Black tar-like fouling material was driving frequent shut-downs and increasing corrosion in the inlet area of a gas plant that processes lean gas with high acid gas content (68%CH4, 20%CO2 and 12%H2S). Analytical work indicated that the nitrogen containing corrosion inhibitor (CI) polymerized with sulfur compounds (polysulfides, elemental sulfur and/or H2S) in a type of a vulcanization process resulting in a hard-to-clean insoluble fouling product. Corrosion testing confirmed the role of the CI in creating this fouling. A customized autoclave testing was designed to include powdered elemental sulfur circulating in the bulk fluid. This allowed for a recreation of the condition in the plant where solid elemental sulfur comes out of solution and fouling occurs. The tests reproduced the tar-like fouling substance in the presence of the incumbent corrosion inhibitor. The data showed that a surfactant (wetting agent) used to keep elemental sulfur from depositing would also protect the steel from elemental sulfur corrosion. Other CIs were tested, but none provided protection at an acceptable dosage level without forming this foulant material.
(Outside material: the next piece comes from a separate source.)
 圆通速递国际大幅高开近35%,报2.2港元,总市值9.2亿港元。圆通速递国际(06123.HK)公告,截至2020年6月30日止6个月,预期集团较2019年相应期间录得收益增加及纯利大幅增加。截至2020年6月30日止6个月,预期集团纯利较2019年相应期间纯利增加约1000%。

Black tar-like fouling, as seen in Figure 1, in an inlet area heat exchanger would drive shut-down for a gas plant processing highly sour gas consisting mainly of methane (68%) with the balance being acid gases (12% H2S and 20%CO2) and trace compounds. Condensed water is produced throughout the field, while formation water is only produced in part of the field. No liquid hydrocarbons are produced. Besides sales gas, the plant produces elemental sulfur and CO2.
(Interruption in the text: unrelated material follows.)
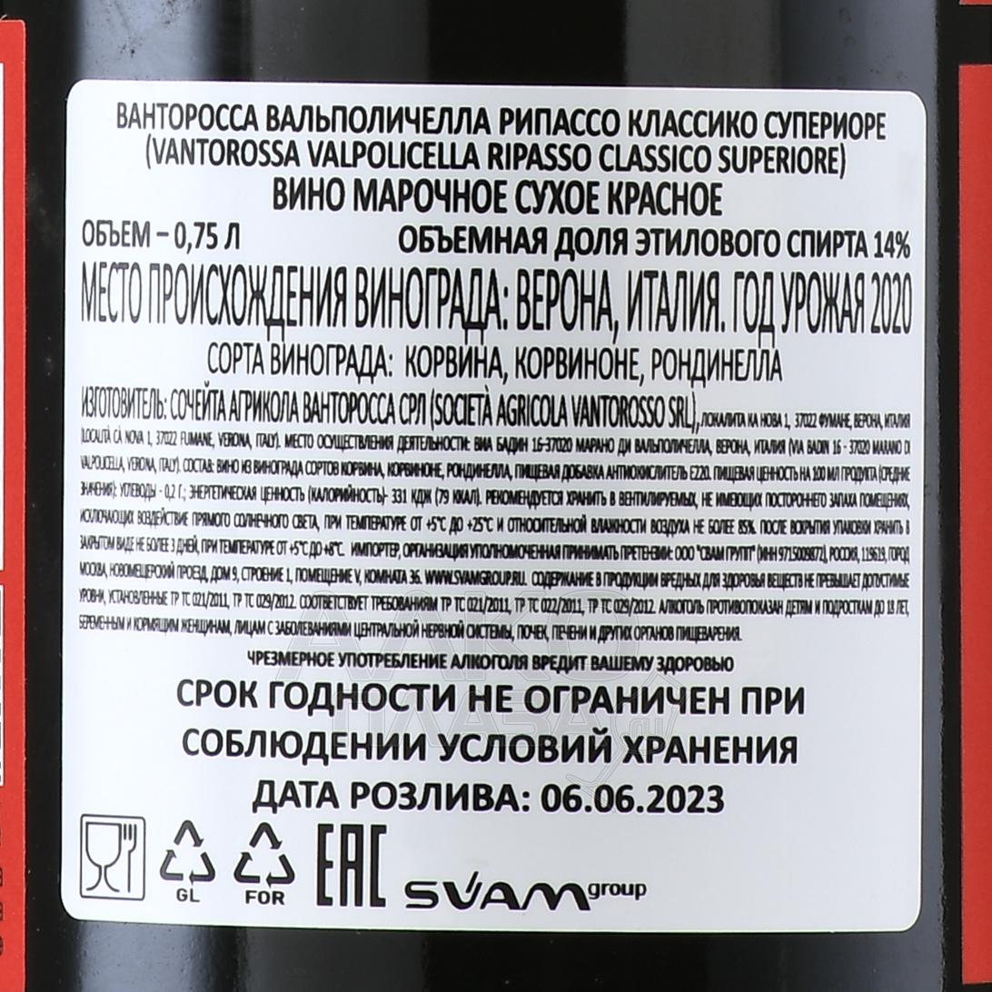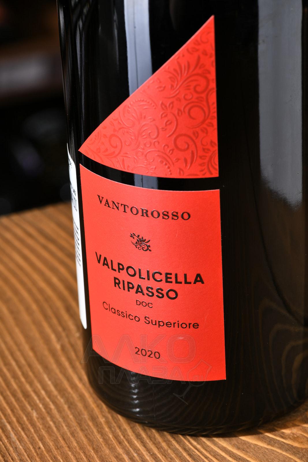 Красное сухое вино Vantorosso Valpolicella Ripasso Classico Superiore 0,75 л производится в коммуне Фумане, в провинции Верона, на холмах исторической зоны Вальполичелла Классико. Виноградники расположены на высоте 350–400 метров над уровнем моря и ориентированы на юго-восток, что обеспечивает равномерное солнечное освещение в течение дня. Почвы здесь разнородные, преимущественно глинистые и известковые, с высоким содержанием камней и скальных включений. Такой состав ограничивает силу роста лоз и способствует концентрации веществ в ягодах. Климат — умеренный, с выраженными суточными перепадами температур, что положительно влияет на ароматическую выразительность и кислотный баланс. Лозы выращиваются по системе Гюйо при плотности около 5000 растений на гектар. Сбор урожая проводится вручную в последние десять дней сентября. Первая ферментация проходит в стальных ёмкостях при контролируемой температуре. Затем проводится второе брожение на кожице от производства Амароне, насыщенной сахарами, цветом и ароматическими соединениями. Выдержка осуществляется во французских дубовых барриках из скального дуба в течение 15 месяцев, после чего следует бутылочное созревание продолжительностью около 7 месяцев.

The Inlet Area separates the gas and the water, with some of the water being cooled down for recirculation to the front of the inlet area to help cool the production stream before the gas is processed through a AGRII unit in the Process Area. There are two inlet areas, one for Trains 1&2 and another one for Train 3. The produced water in Train 3 is solely water that has condensed out of the gas, and is therefore low in salinity (100ppm TDS, 120ppm bicarbonate). In contrast, the water in Trains 1&2 includes formation water and the salinity is 20,000ppm TDS and 2,300ppm bicarbonate. The water chemistry for this two water types is further described in Table 1 with the pH representing a degassed sample. Calculated pH at pressure and temperature at the sample location was pH5.7 for Train1&2 and pH4.7 for Train 3. The lower pH in Train 3 is explained with the lower bicarbonate value.